▶ _SUPPLIED MATERIAL_:
────────────────────
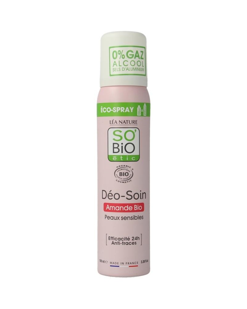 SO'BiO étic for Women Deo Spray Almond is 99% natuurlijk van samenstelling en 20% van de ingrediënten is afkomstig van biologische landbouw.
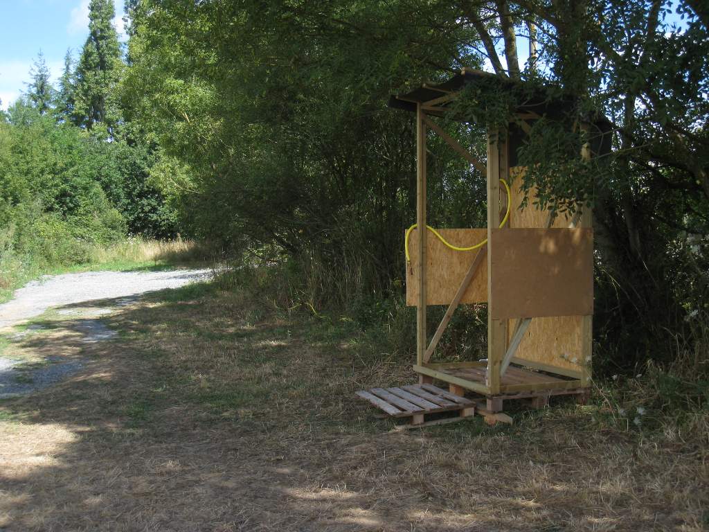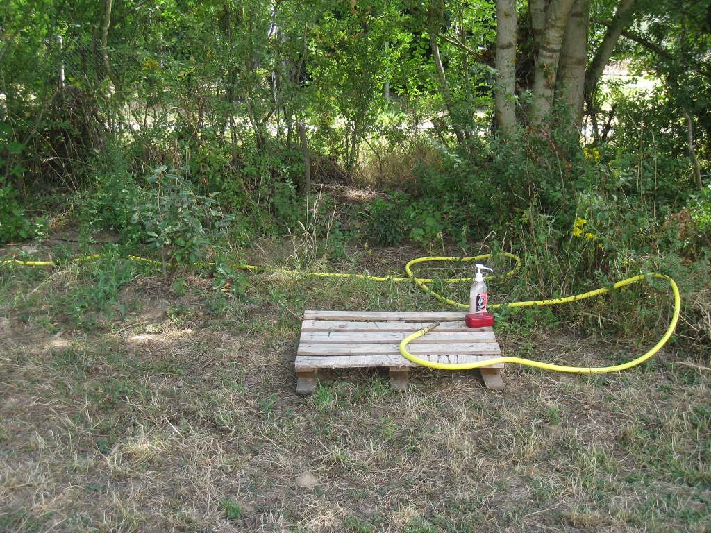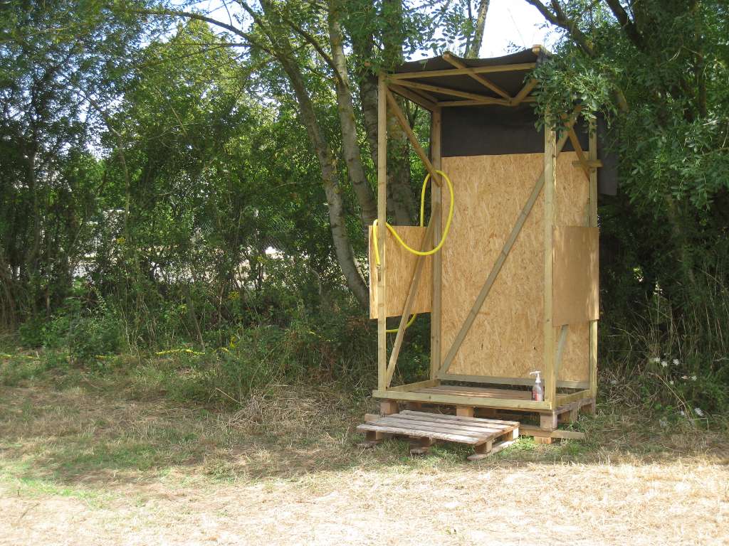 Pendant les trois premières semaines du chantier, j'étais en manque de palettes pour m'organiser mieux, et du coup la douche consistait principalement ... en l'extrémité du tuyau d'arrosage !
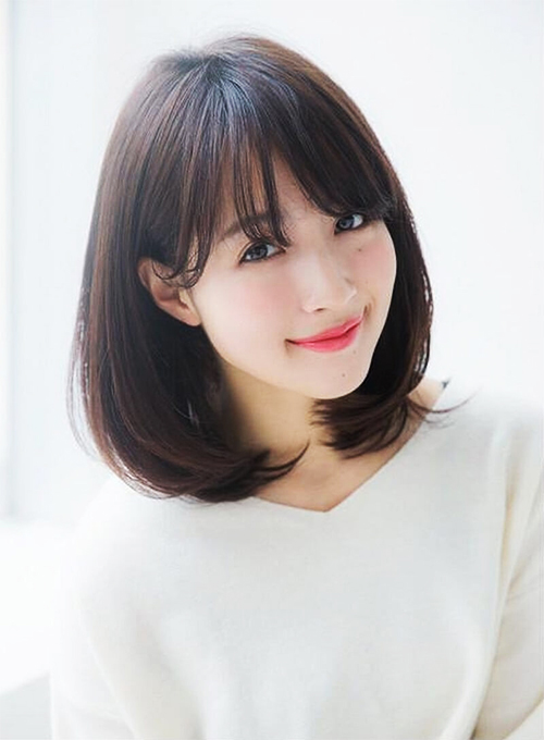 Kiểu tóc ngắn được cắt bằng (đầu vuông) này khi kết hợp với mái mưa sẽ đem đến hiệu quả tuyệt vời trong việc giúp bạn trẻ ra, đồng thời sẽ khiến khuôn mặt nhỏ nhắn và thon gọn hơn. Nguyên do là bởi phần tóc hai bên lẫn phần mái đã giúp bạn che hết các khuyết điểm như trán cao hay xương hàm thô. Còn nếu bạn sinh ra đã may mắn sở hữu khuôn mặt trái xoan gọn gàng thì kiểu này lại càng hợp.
────────────────────
Please repeat every line of the material above exactly and without its pictures.

 SO'BiO étic for Women Deo Spray Almond is 99% natuurlijk van samenstelling en 20% van de ingrediënten is afkomstig van biologische landbouw.
 Pendant les trois premières semaines du chantier, j'étais en manque de palettes pour m'organiser mieux, et du coup la douche consistait principalement ... en l'extrémité du tuyau d'arrosage !
 Kiểu tóc ngắn được cắt bằng (đầu vuông) này khi kết hợp với mái mưa sẽ đem đến hiệu quả tuyệt vời trong việc giúp bạn trẻ ra, đồng thời sẽ khiến khuôn mặt nhỏ nhắn và thon gọn hơn. Nguyên do là bởi phần tóc hai bên lẫn phần mái đã giúp bạn che hết các khuyết điểm như trán cao hay xương hàm thô. Còn nếu bạn sinh ra đã may mắn sở hữu khuôn mặt trái xoan gọn gàng thì kiểu này lại càng hợp.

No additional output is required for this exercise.